The landscape was gorgeous at the start and it was a crisp, cold morning. From very soon on our walk we could see Burgos in the distance, but our way brought us through an ugly industrial long stretch of highway which was actually painful for me (because of what I am sure of now was a bad case of tendonitis then which I didn’t want to accept).
But we have arrived after a short 20 KM day and found a small by-donation hostel above a chapel right in downtown. There isn’t a kitchen but the hospitalero was very kind and told me to take a day of rest if I can.
I walked around Burgos with Alissa and Ko a bit and might decide to stay tomorrow. I did a bit of shopping and have enjoyed being in a city, well with the convenience of a city, but people gawked at Ko and I walking in our sportswear and flip-flops. Alissa at least had normal looking shoes and jeans, not shocking flip-flops and half-pants, but I laughed several times because of the facial expressions I got from people. [Spanish people are not afraid to look, look again, or even downright stare]

Sunday, May 2, 2010

Day10-11






5 April 2010
Last night was just lovely and I really enjoyed the hostel. Today I am hoping to get about 22 KM or so. The sun was shining after a cozy breakfast with lovely people. I cried with gratitude this AM on the start and it was just what I needed.
~I am sitting on a lookout point in the Montes de Oca in Burgos. I had a nice chat over a tortilla bocadillo in the last town with a nice Belgian gentleman, Erik, with a contagious laugh.

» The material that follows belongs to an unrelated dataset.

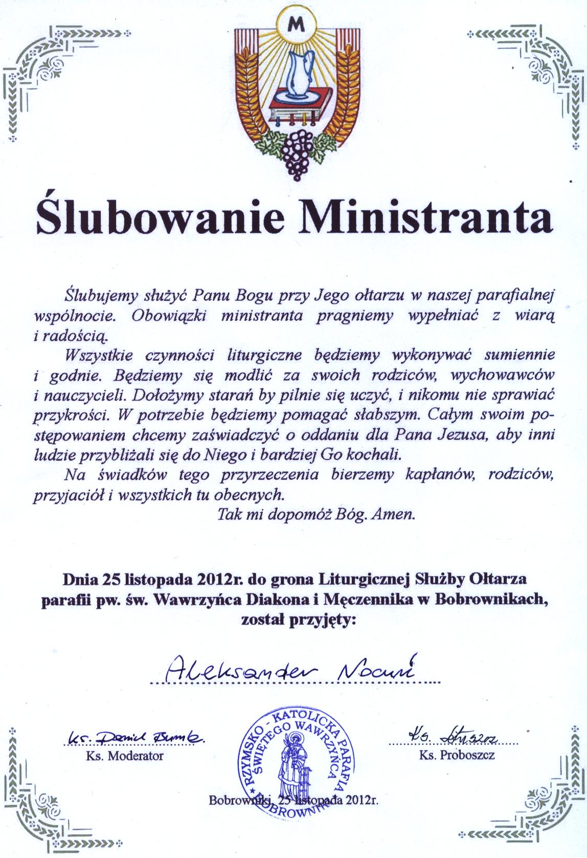 2012-11-25 20:59:01 parafiankaWszystkim Ministrantom życzę wytrwałości w podjętej służbie Bogu i Kościołowi.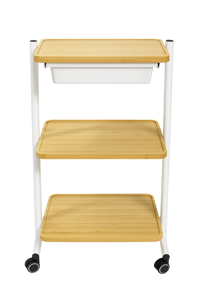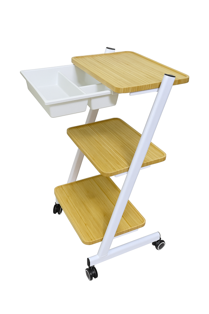 أضف لمسة من الدفء الطبيعي والكفاءة الاحترافية إلى مساحة عملك. صُمم ترولي خشب للصالونات (موديل T-029B) من صالون سيستم ليكون الحل المثالي الذي يجمع بين جمال الخشب الأنيق والتنظيم الذكي، مما يرفع من مستوى ديكور صالونك وكفاءة سير العمل في آن واحد.حيث تلتقي أناقة الخشب بمتطلبات العمل اليوميتصميم خشبي بلمسات معدنية: يمنح صالونك مظهراً دافئاً وراقياً، مع لمسات معدنية تضمن المتانة والأداء طويل الأمد.ثلاثة رفوف تخزين عملية: توفر مساحة واسعة ومنظمة لحمل جميع أدواتك ومستلزماتك، من العبوات إلى الأجهزة الصغيرة.أدراج جانبية للأدوات الدقيقة: حل ذكي لتنظيم الأدوات الصغيرة مثل الفرش والأمشاط، مما يمنع ضياعها ويجعلها في متناول يدك.حرية حركة 360 درجة: مزود بعجلات عالية الجودة تضمن تنقلاً سلساً وهادئاً في جميع أنحاء الصالون أو العيادة.هذا الترولي الأنيق هو قطعة وظيفية تعكس ذوقك الرفيع، وهو إضافة مميزة لأي مجموعة أثاث الصالون. استعرض مجموعتنا الكاملة من عربات الترولي، واجعله جزءاً من مشروع تجهيز مشاغل متكامل.اطلبه الآن واجمع بين جمال التصميم وكفاءة التنظيم في صالونك

He asked me what I wanted in life to be happy and we both agreed happiness was shared and in giving, him to his three daughters. He reminded me a bit of Dad. I wish my family could be here to experience this. The mountains are snow-capped in the distance and the trees are lining the roadway and blooming in spring. I thought earlier that it would be great to be a hostelera (someone who works at the albergues) and make headbands to give to the pilgrims for a donation. I really appreciated the community in vespers and the singing last night around the dinner table after eating. It was fun and today I am trying to take more time to think and enjoy and reflect about what I might want to do next year. I have internet at home now and so I can really get searching for a job or a masters program and might have more possibility to get my portfolio online. I am excited for the future but also a little bit nervous.
So I have arrived to Áges and will be headed to Burgos tomorrow.

San Juan de Gaztelugatxe






After I dropped Miwa off at the airport being chauffeured in a friend’s car by the other Eibarres American, Paul, we went for a coastal drive and short hike, with a stopoff at a Renaissance Fair in Gernika. Thankfully I have some photos to describe the beautiful scenery because Paul is a great photographer. These are random snapshots from the day. It was lovely, so I had to make a video ( on Paul's camera that is and with my excellent narration skills that I am honing).